Seed-based d mapping (formerly Signed differential mapping) or SDM is a statistical technique created by Joaquim Radua for meta-analyzing studies on differences in brain activity or structure which used neuroimaging techniques such as fMRI, VBM, DTI or PET. It may also refer to a specific piece of software created by the SDM Project to carry out such meta-analyses.
SDM adopted and combined various positive features from previous methods, such as ALE or MKDA, and introduced a series of improvements and novel features.[1] One of the new features, introduced to avoid positive and negative findings in the same voxel as seen in previous methods, was the representation of both positive differences and negative differences in the same map, thus obtaining a signed differential map (SDM). Another relevant feature, introduced in version 2.11, was the use of effect sizes (leading to effect-size SDM or 'ES-SDM'), which allows combination of reported peak coordinates with statistical parametric maps, thus allowing more exhaustive and accurate meta-analyses.[2]
The method has three steps. First, coordinates of cluster peaks (e.g. the voxels where the differences between patients and healthy controls were highest), and statistical maps if available, are selected according to SDM inclusion criteria. Second, coordinates are used to recreate statistical maps, and effect-sizes maps and their variances are derived from t-statistics (or equivalently from p-values or z-scores). Finally, individual study maps are meta-analyzed using different tests to complement the main outcome with sensitivity and heterogeneity analyses.
It is not uncommon in neuroimaging studies that some regions (e.g. a priori regions of interest) are more liberally thresholded than the rest of the brain. However, a meta-analysis of studies with such intra-study regional differences in thresholds would be biased towards these regions, as they are more likely to be reported just because authors apply more liberal thresholds in them. In order to overcome this issue SDM introduced a criterion in the selection of the coordinates: while different studies may employ different thresholds, you should ensure that the same threshold throughout the whole brain was used within each included study.
After conversion of statistical parametric maps and peak coordinates to Talairach space, an SDM map is created for each study within a specific gray or white matter template.[3] Pre-processing of statistical parametric maps is straightforward, while pre-processing of reported peak coordinates requires recreating the clusters of difference by means of an un-normalized Gaussian Kernel, so that voxels closer to the peak coordinate have higher values. A rather large full-width at half-maximum (FWHM) of 20mm is used to account for different sources of spatial error, e.g. coregistration mismatch in the studies, the size of the cluster or the location of the peak within the cluster. Within a study, values obtained by close Gaussian kernels are summed, though values are combined by square-distance-weighted averaging.
SDM provides several different statistical analyses in order to complement the main outcome with sensitivity and heterogeneity analyses.
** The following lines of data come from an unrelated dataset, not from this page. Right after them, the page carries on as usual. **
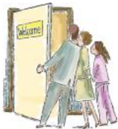
New Member Class

For anyone interested in learning about church membership, come be introduced to the mission, vision, staff and ministries of Maple Grove. We will share about our faith journeys and discern how God is calling each of us to serve in and through Maple Grove. New members can take membership vows at either worship service on Sunday, November 20 . Everyone is welcome to attend, even if you are not sure you want to become a member at this time.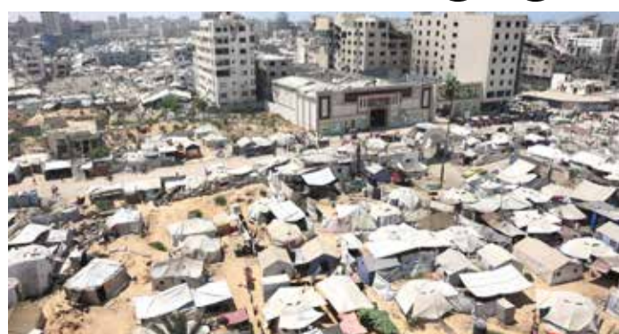
Tents housing displaced Palestinians in Gaza City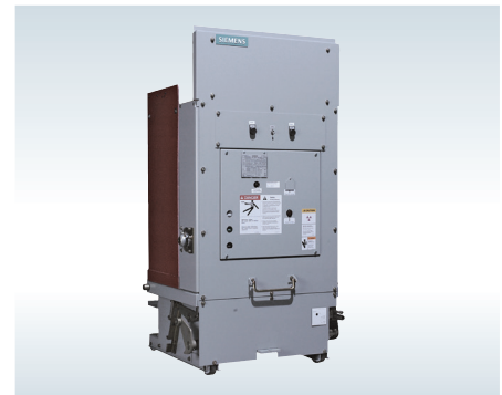
Siemens HKR (replacement for ITE HK)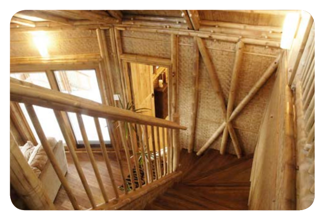
Stairway from loft with woven bamboo interior wall finish.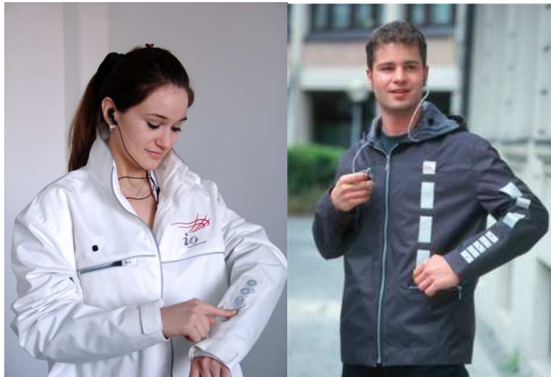
Figure 2 The wearable devices

Many AR systems have been developed for navigating spaces. It is rare to find one that also allows the user to easily create or modify a space. With most systems, one must view or listen to material created by others. It would require programming experience and extensive knowledge of the internal structure of the AR system to create a new environment.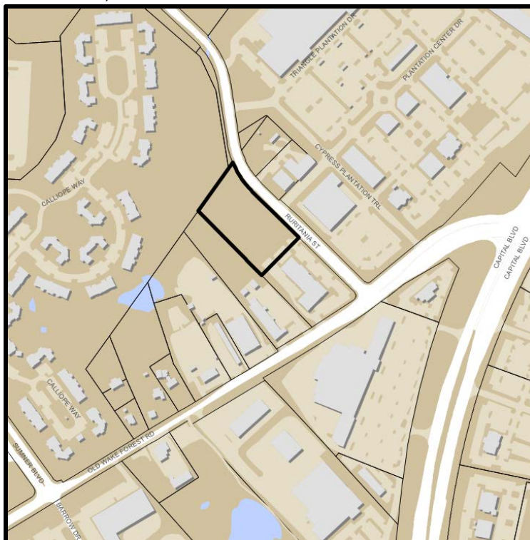
SR-16-16 Location Map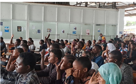
Dar es Salaam Region (DSM Maritime Institute): 307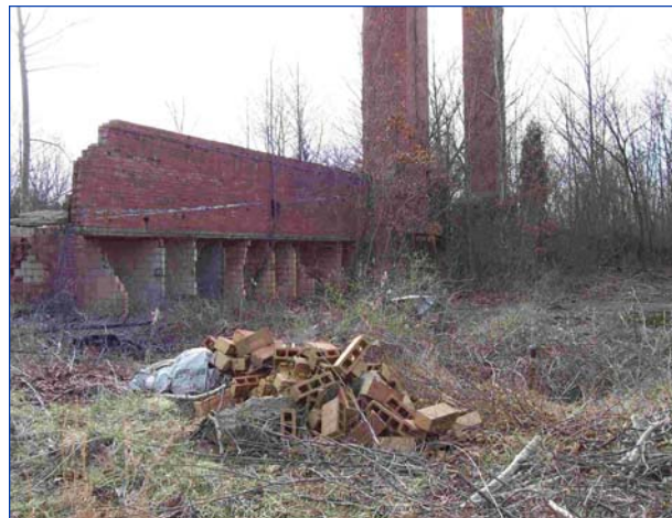
Above Photo shows part of Brickyard prior to cleanup; Photo below shows ribbon cutting ceremony at completion of cleanup.

Several entities have approached the Village about purchasing the property, which, according to Mayor Paul Turman, is now "officially for sale". Barboursville applied for and received a $200,000 EPA Brownfields Cleanup grant in 2007 to remediate the property, and the WVDEP provided additional funding to complete environmental assessment activities prior to initiation of cleanup objectives.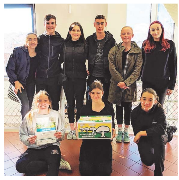
Guyra Central School's newly formed drama troupe were trumphant against some stiff competition from much larger schools from the Armidale region and surrounds'.

The impromptu topic is provided on the day and students then have about 45 minutes to prepare their performance based on the topic provided. The teams may bring 1-2 props with them to use and their performance must be between 3-5 minutes in length. Both teams from our school produced original and innovative productions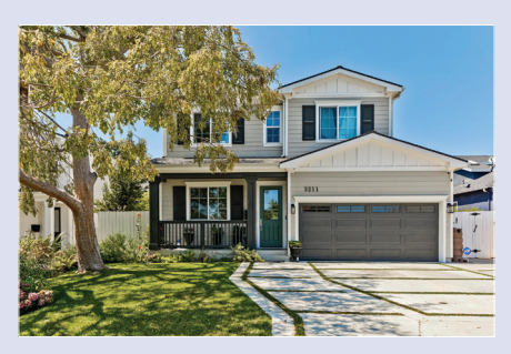
3211 Castle Heights Ave. -

5 Beds / 4 Bath, 2971 Sq. Ft., 8750 Sq. Ft. Lot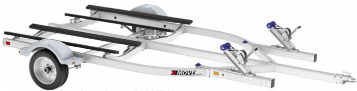
Aluminum MOVE II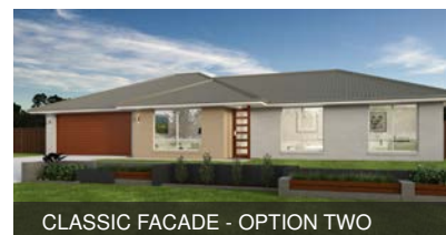
CLASSIC FAÇADE - OPTION TWO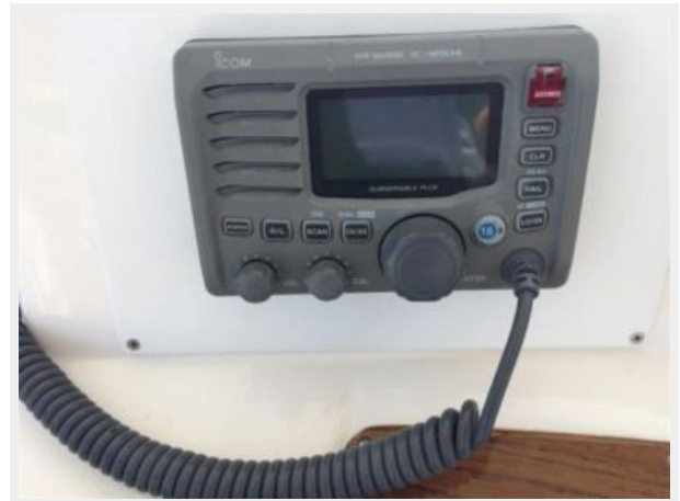
Helm / Electronics & Navigation 4 - VHF Radio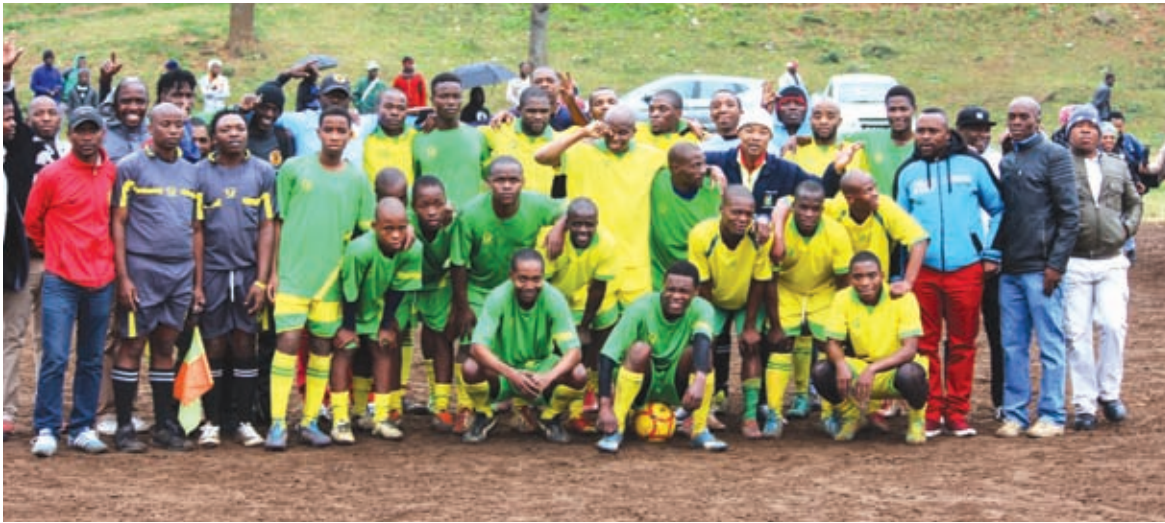
Abadlali bamaqembu ebhola lasehositela iMadala Stezi neKwadukemini bebonisa ubumbano emva komdlalo wamanqamu.

The statistical significance of the analyses is checked by standard randomization tests. It is recommended to use uncorrected p-values = 0.005, as this significance has been found in this method to be approximately equivalent to a corrected p-value = 0.05. A false discovery rate (FDR) = 0.05 has been found in this method to be too conservative. Values in a Talairach label or coordinate can also be extracted for further processing or graphical presentation.
SDM is software written by the SDM project to aid the meta-analysis of voxel-based neuroimaging data. It is distributed as freeware including a graphical interface and a menu/command-line console. It can also be integrated as an SPM extension.